◆ **Exercise prompt**:
Look through the data below and extract, unchanged, the lines from the one that contains "Couple standing before" to the one that contains "This term in", both included.

◆ **Record excerpts**:
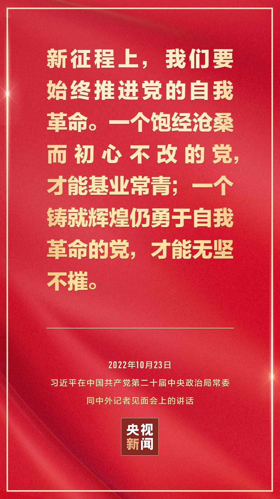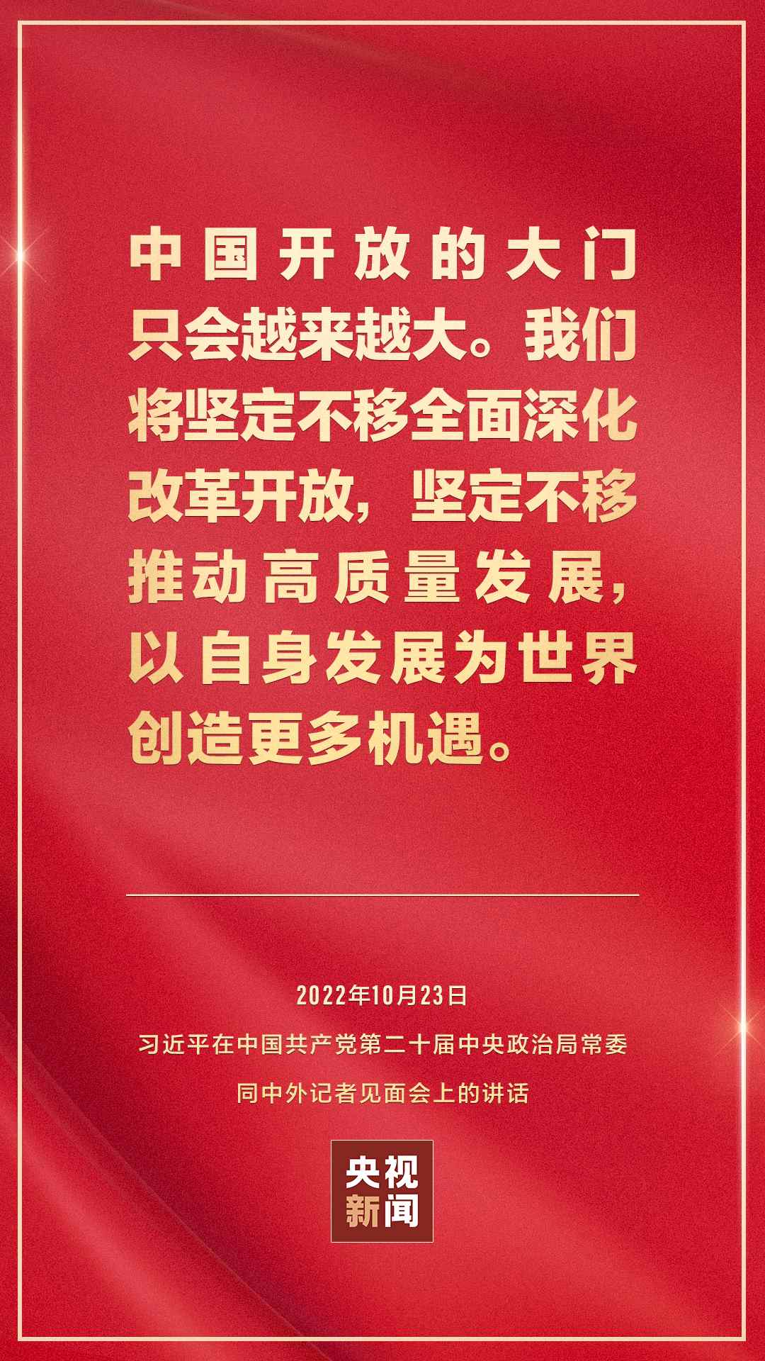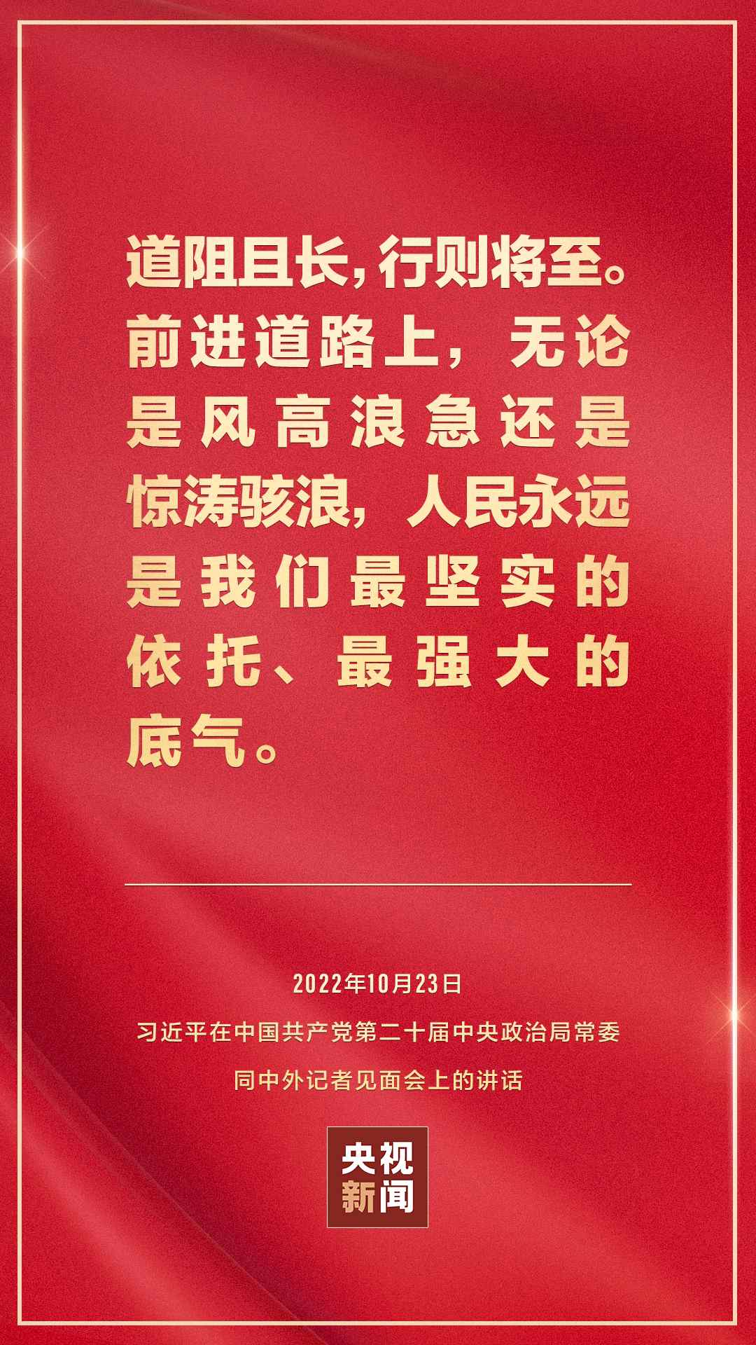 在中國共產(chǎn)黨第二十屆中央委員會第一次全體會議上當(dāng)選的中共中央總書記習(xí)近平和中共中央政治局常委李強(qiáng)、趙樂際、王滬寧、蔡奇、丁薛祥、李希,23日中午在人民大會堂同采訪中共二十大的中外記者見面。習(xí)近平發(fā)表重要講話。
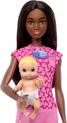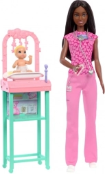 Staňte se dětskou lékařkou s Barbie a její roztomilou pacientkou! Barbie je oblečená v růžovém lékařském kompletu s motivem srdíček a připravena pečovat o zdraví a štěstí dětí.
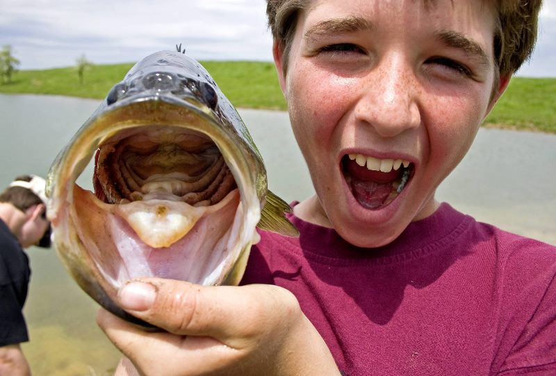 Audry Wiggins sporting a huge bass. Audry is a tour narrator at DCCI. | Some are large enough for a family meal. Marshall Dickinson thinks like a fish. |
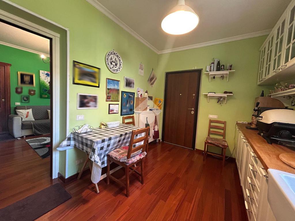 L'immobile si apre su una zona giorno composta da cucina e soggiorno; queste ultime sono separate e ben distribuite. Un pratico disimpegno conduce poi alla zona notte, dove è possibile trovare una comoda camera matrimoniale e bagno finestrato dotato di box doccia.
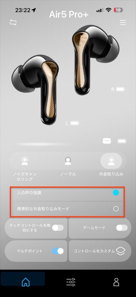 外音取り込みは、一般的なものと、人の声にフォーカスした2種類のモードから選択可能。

---

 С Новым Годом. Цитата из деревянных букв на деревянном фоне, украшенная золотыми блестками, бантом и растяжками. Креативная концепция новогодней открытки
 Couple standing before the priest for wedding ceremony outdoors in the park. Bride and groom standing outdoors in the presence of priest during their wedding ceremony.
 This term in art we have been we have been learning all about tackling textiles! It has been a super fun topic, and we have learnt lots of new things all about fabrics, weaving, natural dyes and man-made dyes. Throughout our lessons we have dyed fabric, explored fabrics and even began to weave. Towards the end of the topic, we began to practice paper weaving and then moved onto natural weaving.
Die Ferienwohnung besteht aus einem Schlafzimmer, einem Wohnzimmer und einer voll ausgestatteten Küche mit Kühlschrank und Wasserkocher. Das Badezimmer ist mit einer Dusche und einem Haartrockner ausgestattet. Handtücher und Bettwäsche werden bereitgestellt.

◆ **Solution for this exercise**:
 Couple standing before the priest for wedding ceremony outdoors in the park. Bride and groom standing outdoors in the presence of priest during their wedding ceremony.
 This term in art we have been we have been learning all about tackling textiles! It has been a super fun topic, and we have learnt lots of new things all about fabrics, weaving, natural dyes and man-made dyes. Throughout our lessons we have dyed fabric, explored fabrics and even began to weave. Towards the end of the topic, we began to practice paper weaving and then moved onto natural weaving.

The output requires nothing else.